* **DATA PROVIDED**
____________________
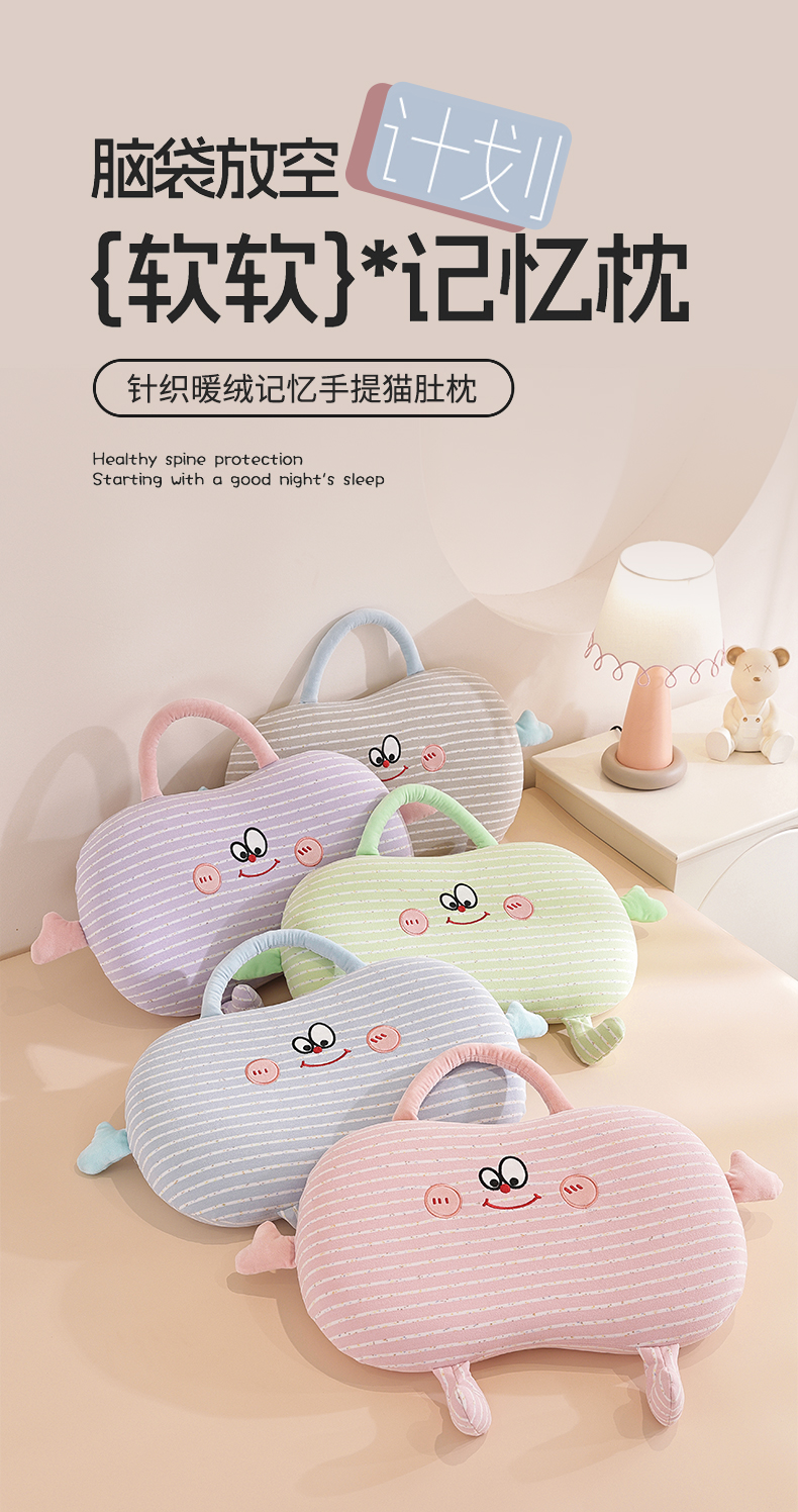 (总)仁宇枕业 2025新款亲肤暖绒彩虹纹搞怪手提猫肚记忆枕头枕芯,彩虹纹搞怪手提猫肚枕-粉色,彩虹纹搞怪手提猫肚枕灰色,彩虹纹搞怪手提猫肚枕-蓝色,彩虹纹搞怪手提猫肚枕-绿色,彩虹纹搞怪手提猫肚枕-紫色,组合图仅供展示不可下单
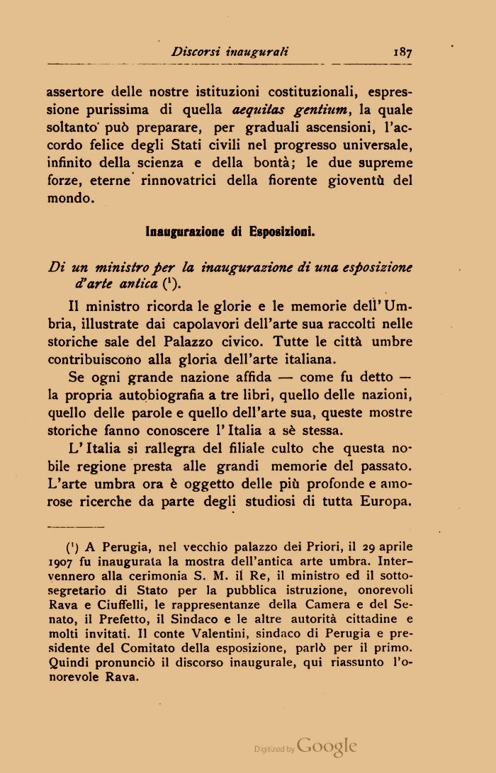 (') A Perugia, nel vecchio palazzo dei Priori, il 29 aprile 1907 fu inaugurata la mostra dell'antica arte umbra. Intervennero alla cerimonia S. M. il Re, il ministro ed il sottosegretario di Stato per la pubblica istruzione, onorevoli Rava e Ciuffelli, le rappresentanze della Camera e del Senato, il Prefetto, il Sindaco e le altre autorità cittadine e molti invitati. Il conte Valentini, sindaco di Perugia e presidente del Comitato della esposizione, parlò per il primo. Quindi pronunciò il discorso inaugurale, qui riassunto l'onorevole Rava.
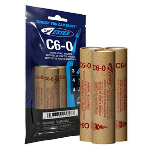 The Estes C6-0 standard (18 mm) engine is a booster stage type of engine (red label) that is used in combination with an upper stage engine for flying a two stage model rocket. This engine is designed for flights in rockets weighing less than 4 ounces, including the engines. Each engine size is designated by a letter and is up to twice as powerful as the letter before it.
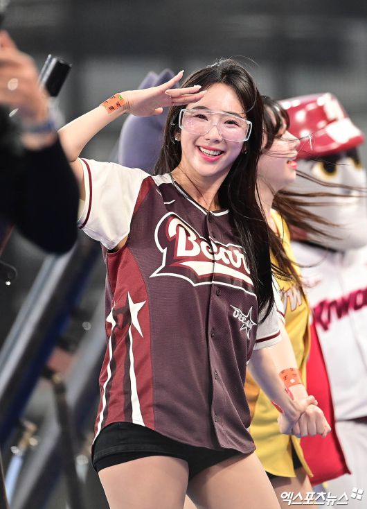 (엑스포츠뉴스 대전, 박지영 기자) 11일 오후 대전한화생명볼파크에서 열린 '2025 신한 SOL Bank KBO 퓨처스 올스타전' 남부리그와 북부리그의 경기, 치어리더 이미래가 열띤 응원을 펼치고 있다.박지영 기자 jypark@xportsnews.com
____________________
* **EXERCISE OBJECTIVE**
Output only the lines from the start of the data through the line that holds "(') A Perugia, nel". Keep them exact and leave the pictures out.

* **YOUR RESPONSE**
 (总)仁宇枕业 2025新款亲肤暖绒彩虹纹搞怪手提猫肚记忆枕头枕芯,彩虹纹搞怪手提猫肚枕-粉色,彩虹纹搞怪手提猫肚枕灰色,彩虹纹搞怪手提猫肚枕-蓝色,彩虹纹搞怪手提猫肚枕-绿色,彩虹纹搞怪手提猫肚枕-紫色,组合图仅供展示不可下单
 (') A Perugia, nel vecchio palazzo dei Priori, il 29 aprile 1907 fu inaugurata la mostra dell'antica arte umbra. Intervennero alla cerimonia S. M. il Re, il ministro ed il sottosegretario di Stato per la pubblica istruzione, onorevoli Rava e Ciuffelli, le rappresentanze della Camera e del Senato, il Prefetto, il Sindaco e le altre autorità cittadine e molti invitati. Il conte Valentini, sindaco di Perugia e presidente del Comitato della esposizione, parlò per il primo. Quindi pronunciò il discorso inaugurale, qui riassunto l'onorevole Rava.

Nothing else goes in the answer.